A stratified random sample of males in Calgary, Canada (a metropolitan region of .78 million) was questioned using a computerized response format and three measures of homosexuality. Based on one or more of the overlapping measures, 15.3% of males reported being homosexual to some degree.
In a national survey, 90% of men aged 18-44 considered themselves to be heterosexual, 2.3% as homosexual, 1.8% as bisexual, and 3.9% as 'something else.' Among women aged 18-44 in the same survey, 90% said they were heterosexual, 1.3% homosexual, 2.8% bisexual, and 3.8% as 'something else.'
While about 7% of adult women and 8% of men identify as gay, lesbian or bisexual, the proportion of individuals in the U.S. who have had same-gender sexual interactions at some point in their lives is higher.

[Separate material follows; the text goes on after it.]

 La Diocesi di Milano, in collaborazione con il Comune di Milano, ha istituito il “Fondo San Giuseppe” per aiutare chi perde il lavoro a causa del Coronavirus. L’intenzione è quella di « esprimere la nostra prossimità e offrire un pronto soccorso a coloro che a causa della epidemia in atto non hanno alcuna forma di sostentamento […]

Data collected from a national sample of 13,495 men and women between 2006 and 2008. The study attempted to differentiate between sexual attraction, sexual behavior, and sexual identity. The percentage reporting their sexual identity as homosexual ranged from 2% to 4% of males, and about 1% to 2% of females. The percentage reporting their sexual identity as bisexual is between 1% and 3% of males, and 2% to 5% of females. About 4%–6% of males ever had same-sex contact. For females, the percentage who have ever had same-sex contact ranges from about 4% in the GSS, to 11%–12% in the 2002 and 2006–2008 NSFG.

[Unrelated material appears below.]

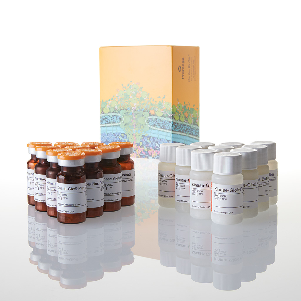 Kinase-Glo Plus je bioluminiscenční esej pro stanovení aktivity proteinových, lipidových a sacharidových kináz založená na detekci ATP. Stanovení zahrnuje pouze přidání jediného reagentu k ukončené kinázové reakci. Ten obsahuje luciferázu a její substrát, která spotřebovává zbytkové ATP v reakci a generuje bioluminiscenční signál přímo úměrný obsahu ATP a nepřímo úměrný aktivitě sledované kinázy. Esej byla navržena pro použití v 96 a 384-jamkových destičkách a poskytuje hodnoty Z‘-faktoru > 0,7. Kinase-Glo Plus poskytuje lineární signál do koncentrace 100µM ATP.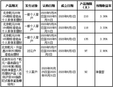 中国建设银行北京市分行定于2020年5月25日至2020年5月29日发行理财产品,现将相关发行情况公告如下:

While researchers at the National Academy of Sciences' National Research Council, Committee on AIDS Research and the Behavioral, Social, and Statistical Sciences, Rogers and Turner analyzed estimates from five probability surveys, 1970 to 1990. They gave estimated minimums of 5-7% for males having experienced some same-sex sexual contact in adulthood.
Diamond looked at studies done on the prevalence of homosexual behavior. He included some studies done on populations outside the U.S. The date ranges varied from country to country, but spanned 1948 to 1991. Those studies discussed were compared and displayed in tablular form. He found the mean of males surveyed to be 5.5% of the population, and the median to be 5.3%. The mean of females that engaged in same sex behavior was 2.5% and the median was 3.0%. The calculations were of all non-Kinsey data. Diamond found that methods employed by these studies were inconsistent.

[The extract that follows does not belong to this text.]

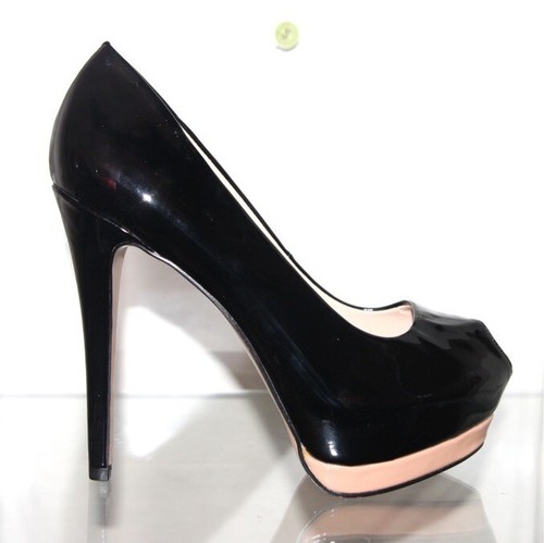 39 Primadonna Decollete Open Toe Plateau Nero Vernice Sexy Tacco

The authors reviewed methods used in defining and measuring sexual orientation, and briefly critiqued surveys of homosexual activity from Kinsey in 1948 to the 1994 study by Laumann, et al. Because of the possible risks involved in self-disclosure, it is posited that the recurrent 2-5% for same-gender sexual behavior in the studies reviewed represents a minimum figure. They suggest that the current prevalence of predominant same-sex orientation is 4-17%.
Hewitt analyzed past surveys on the prevalence of homosexuality in the United States, from 1970 to 1994, looking critically at the methodology of these studies. He offered a metanalysis of the typologies used in these surveys to classify the homosexual. He found five types: (1) open preferential homosexuals, (2) repressed preferential homosexuals, (3) bisexuals, (4) experimental homosexuals, and (5) situational homosexuals.
Gates analyzed information from four recent national and two state-level population-based surveys. The analyses suggest that there are more than 8 million adults in the US who are lesbian, gay, or bisexual, comprising 3.5% of the adult population. He estimated an additional 700,000 individuals identified as transgender.